Staatssecretaris Paul zegt: “We hebben meer goede leraren nodig, vooral meer mannen. Jongeren moeten zich kunnen identificeren met hun leraren. Mannelijke rolmodellen zijn belangrijk, net als een school die de diversiteit van de maatschappij weerspiegelt. We willen het toekomstige leraren makkelijker maken om hun opleiding te starten en alles doen wat nodig is tegen het lerarentekort.”
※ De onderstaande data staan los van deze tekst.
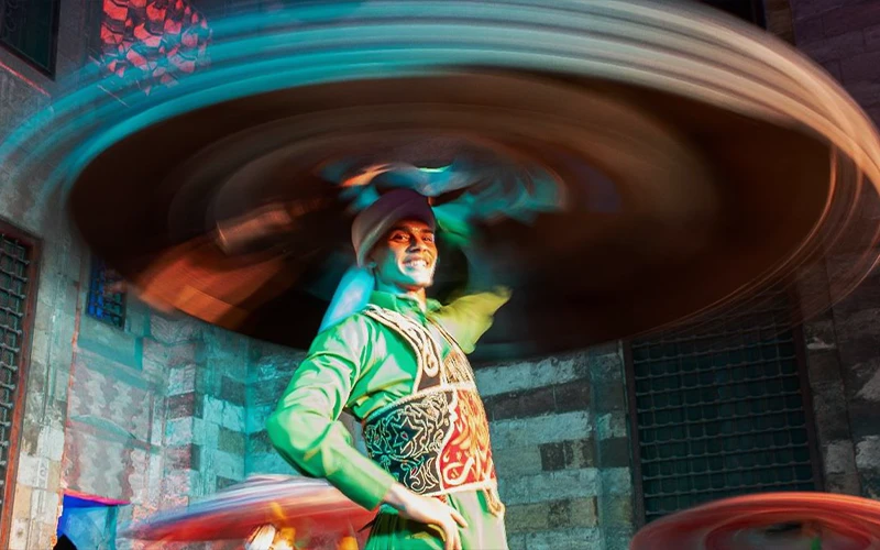 享受精彩开罗 Wekalet El Ghoury 的 al tannoura 埃及传统舞蹈团的旋转舞和太阳金字塔之旅。 Wekalet El Ghoury 是开罗市中心爱资哈尔地区一座建筑风格令人惊叹的艺术中心。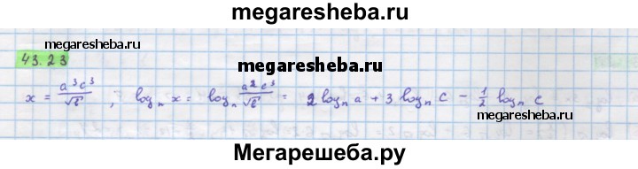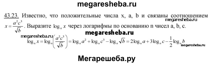 43.23. Известно, что положительные числа х, а, b и с связаны соотношением x =a2c3/√b . Выразите lognx через логарифмы по основанию n чисел а, b, с.

Daling van diversiteit in het onderwijs

De pabo-opleiding is nu zo breed dat sommige mensen zich ontmoedigd voelen. Mannen hebben vaak meer interesse in het lesgeven van oudere kinderen, terwijl veel vrouwen zich richten op de jongere kinderen. Dit jaar was slechts 13 procent van de docenten in het primair onderwijs man. Dit percentage kan in de toekomst dalen, omdat veel mannen ouder zijn. Van de pabo-afgestudeerden is maar 17 procent man. De pabos willen meer specialisatie aanbieden om de instroom te vergroten. Het kabinet wil het wettelijk mogelijk maken om gespecialiseerde opleidingen voor jonge en oudere kinderen te starten.

Met deze nieuwe opleidingen kunnen studenten zich vanaf het begin richten op één specifieke doelgroep. Daar zijn dan speciale eisen aan verbonden. Een student kan alleen bevoegd worden voor óf jonge óf oudere kinderen, maar kan later ook het andere certificaat halen. Experts raden aan om de grens hiervoor rond de 8 jaar te leggen.

De bewindspersonen willen met de Tweede Kamer over deze voorstellen praten en zorgen dat leraren, pabos en scholen betrokken zijn bij de plannen. Door het wet- en regelgevingstraject kan het nog even duren, maar de eerste studenten zouden in september 2029 kunnen starten met de nieuwe opleidingen.

De rol van mannen in het onderwijs vergroten

Het ministerie van OCW steunt de Alliantie Divers voor de Klas. Deze organisatie is opgericht om de gender- en culturele diversiteit in het onderwijs te verbeteren. Samen met pabos organiseert de Alliantie activiteiten om mannen bewust te maken van mogelijkheden in het onderwijs.

Er komt ook een landelijke campagne om mensen aan te moedigen te kiezen voor een carrière als leraar, met een speciale focus op mannen. Bovendien investeert het kabinet in de status van het beroep, zoals salaris en carrièremogelijkheden.